I will be having a similar conversation with Jonathan Cohn soon, and also I’ll be being interviewed for a future podcast by the Journal of Medical Practice Management, whose editor Kent Bottles has already notched interviews with Kevin Pho (KevinMD) and Sydney Smith (Medpundit).

um, err, if you know something about this podcasting lark and can help, please *******@*********lt.net“>email me, even if only to send me to the right website for information about "how to". Thanks!

If you have no idea what I’m talking about, look here.

POLICY: HSAs for Medicaid–cost-shifting to the poor by Theora Jones

Policy analyst Theora Jones has been a little quiet at THCB lately, but the news that South Carolina is going to be giving all its Medicaid recipients HSAs got her a little riled up.

THCB recently pointed out that if the government could risk-adjust perfectly, we’d have no need for insurance companies, (Well I didn’t quite say that but close enough, MH) which is why this recent story from SC is so confusing–call me crazy, but I don’t think they’re out to replace the insurance industry.

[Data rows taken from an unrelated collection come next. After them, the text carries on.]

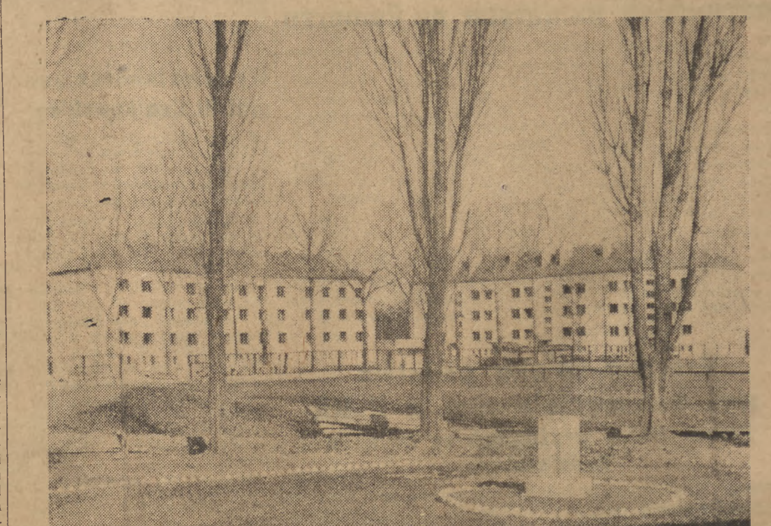
1 maja robotnicy huty „Ostrowiec” otrzymają 108 mieszkań. Aktywność partyjną i administracyjną huty zobowiązały się w ramach Czynu Pierwszomajowego przyspieszyć budowę kolonii robotniczej
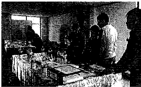
Ilustración 1: Lectura de Acta de JAAP, Colaisa
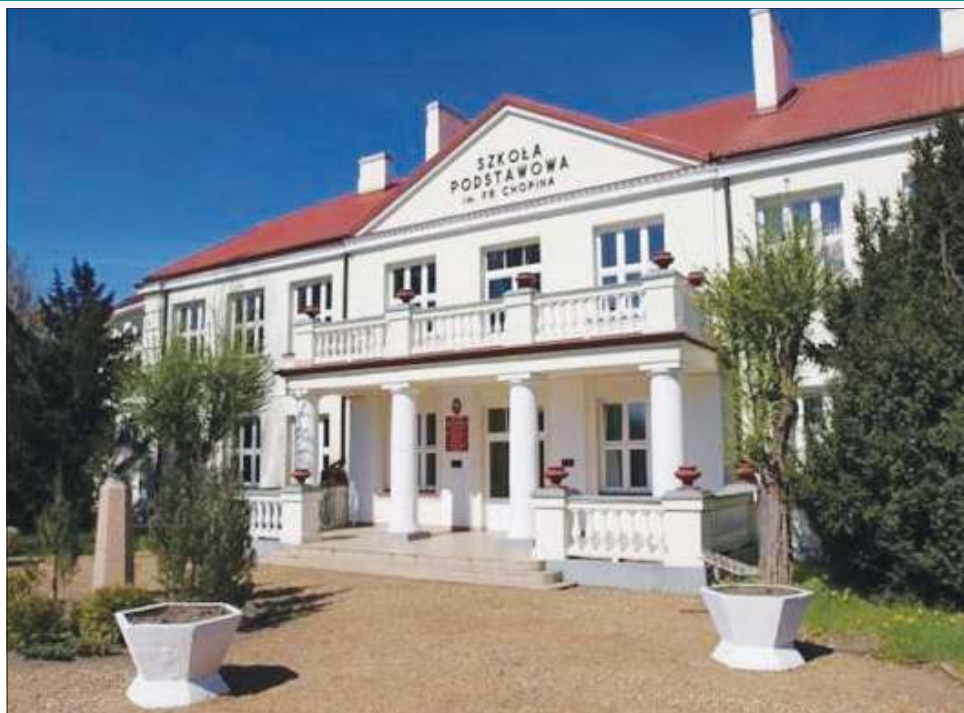
Remont chodakowskiej „siódemki” pochłonie 1.100.000 zł, czyli całość kwoty przeznaczonej na tę edycję SBO

W Szkole Podstawowej nr 7 wymieniona zostanie instalacja elektryczna wraz z osprzętem i rozdzielnią (trzy etapy realizacji), a na
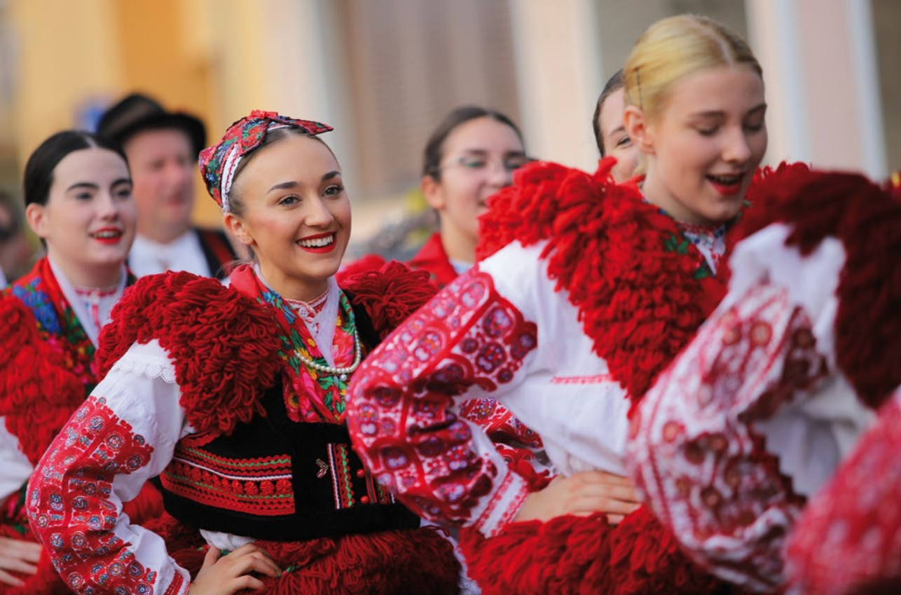
Mladost i ljepota ivanečkog veza u jednoj fotografiji.
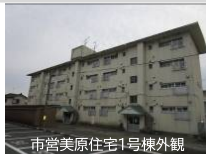
市営美原住宅1号棟外観

So golly gee, what’s behind this? Does SC they think the private sector can control costs better? There’s no evidence of that. Do they think that people on Medicaid will get better care? Well, they’re not proposing any case management or disease management or quality measures, so…no. Wait, I think I’ve found the nut graph:

"South Carolina would cap how much it will spend on a recipient, and if health care costs more than the account will pay for, then the low-income people would have to make up the difference themselves or go without."

Ah, rationing. That’s neither new nor radical.

Please note that in order to qualify for Medicaid (2003 numbers), a mom in a family of three has to earn less than $7,510 a year. Disabled and blind folks have to earn less than $12,120 ($9k if they’re single). The old folks can pull down a cool $16,362, and kids can be covered even if their family of 3 is rolling in cash–up to $22,890! With disposable income like this, I’m SURE they’ll be able to make up the difference on that triple heart bypass. Or the asthma medication.

Legislation like this confirms my greatest fears–that HSAs are going to have a worse impact on the health care system than managed care ever did. Their effect on the health care system will be more pernicious and long-lasting–they will exacerbate the fragmentation and the injustices in the current system, and they will stymie the effects of reformers who are trying to achieve clinically focused quality improvements, greater access, and efficient financing.

POLICY: Review of One Nation Uninsured

And while we’re making such a fuss about Jonathan Cohn this week, he has a book review out of One Nation Uninsured, by Jill Quadagno. Not having read (or even heard of) this book which is a history of why universal insurance reform has failed in the US, I can’t comment much on it, but the story as relayed by Cohn is more or less true. Every time reform gets close one special interest or another kills it, and nothing ever gets done because the voting public perceive the reform to be a income transfer from them to poorer people.

Some people are working on the first issue (Brian Klepper’s group, the Center for Practical Health Reform is one), trying to get the industry as a whole to realize that the Titanic is headed for an iceberg, and that some level of reform is needed that will stop the attempts by providers and suppliers to find the ever expanding frontier and make us all live happily together within our borders. But I don’t hold much faith in that.

I do, though, think that the next time around, the pressures on the voting public are sufficient that enough of them might identify with the UN- and under-insured that a universal plan might sneak through.  But that does mean that things have to get pretty bad over the next 2-8 years for that to have a chance.  But then again, as was reported by the team at UCLA, California is on its way to having less than half the population with employer-based insurance. If that trend keeps playing out, and everyone else is getting only a high-deductible plan, middle class discontent may just be bubbling up enough for real change to happen.